Last Wednesday my 10-year-old reported that after four years of lessons twice a week and multiple competitions per year, he was done. I was crushed. Partially because I spent all that time on his design– which, by the way, is not something any other dancers have and is frankly kind of weird– but also, I loved being a dance mom. I loved traveling to hotels the night before, ordering room service at 6am, suiting my kid up in his sharp purple tie and crunchy precise hair, then heading down to the lobby and getting sucked into a swarm of glittered lip-sticked curly-wigged pre-teens smacking their heavy heels together to the music in their earbuds.

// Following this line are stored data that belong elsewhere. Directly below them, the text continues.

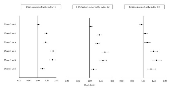 Regarding the interaction between the pandemic phases and the CCI class (Figure 3), a higher risk was found in the phase 1 compared to phase 4, in the lowest severity class (CCI = 0) (OR 1.83, 95% CI 1.68–1.99). The odds ratios did not result as statistically significant: for patients with CCI = 0, phase 3 compared to phase 4 resulted in an OR of 1.02 (95% CI 0.96–1.09); for patients in the class 1 ≤ CCI ≤ 2, the risk in phase 3 compared to phase 4 had an OR of 1.06 (95% CI 0.99–1.12); for patients in the class CCI ≥3, the risk in phase 2 compared to phase 4, and that for phase 3 compared to phase 4 had odds ratios of 1.09 (95% CI 0.99–1.19) and 0.92 (95% CI 0.84–1.00), respectively.
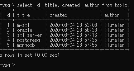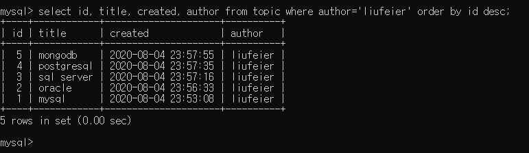 select id, title, created, author from topic where author='liufeier' order by id desc;
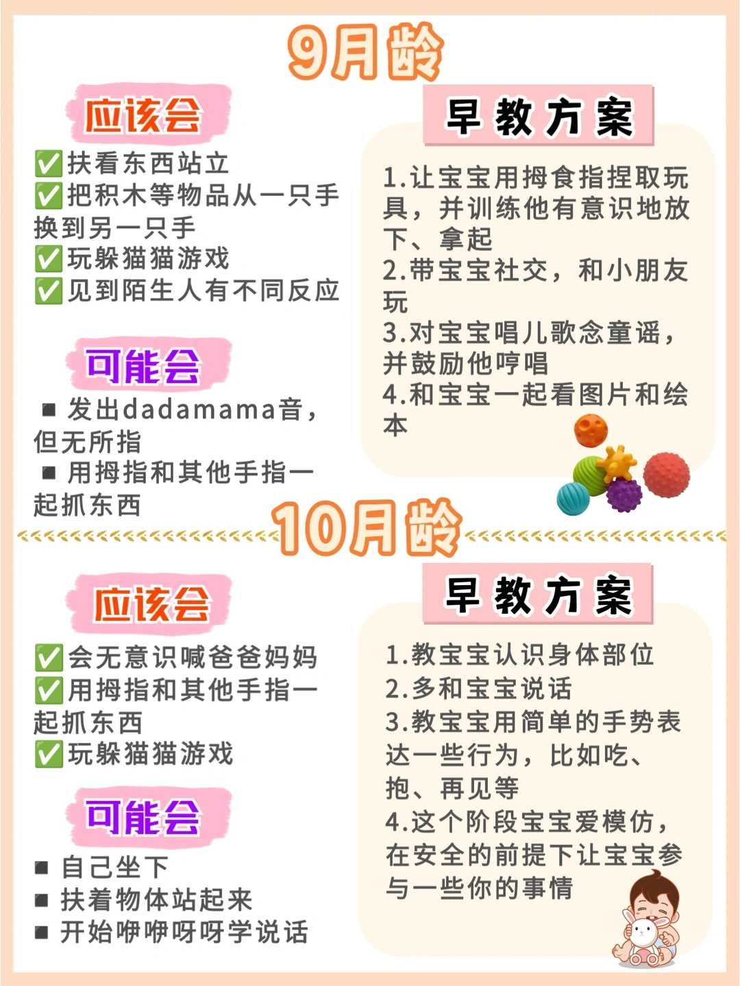 ✅十月龄:手指的精细动作发育更好,会主动表达自己的情绪和想法,会区分双手使用,喜欢拆开和重组东西,喜欢捉迷藏,可以培养亲子阅读;

And while the multiple conference rooms stuffed with underslept parents fretting over their tense tanned children can get a little JESUS CHRIST, THIS IS FUN FOR LITERALLY NO ONE, WHAT ARE WE DOING, all that pre-performance thrill/terror/fuss is exactly what got me addicted to theatre years ago. At the time I didn’t understand that even a successful career in theatre involves long stretches where none of this is readily accessible. No performances. No opening nights. No pre-show jitters. Just dogged determination and heavy emotional labor that often has very little payoff. But even if I had known, I believe I woulda gotten myself sucked into the swarm. An addict is an addict.

My son also seemed to enjoy all the lobby chaos, and he loved the performance aspect. But he hated the oppressive grueling nature of competitive dancing– especially in a genre where technique is favored over expression. So he pulled the plug, and I almost did that old-school parent thing where you demand your child stick with something in order to build character. “You can’t keep quitting things just because you don’t like doing them.” Except actually, yeah, that’s exactly when you should quit: when the thing you used to love starts digging holes in you that it will never re-fill.

I don’t feel that way about theatre. Not yet, anyway.

In the meantime, what do I do with all the branded materials?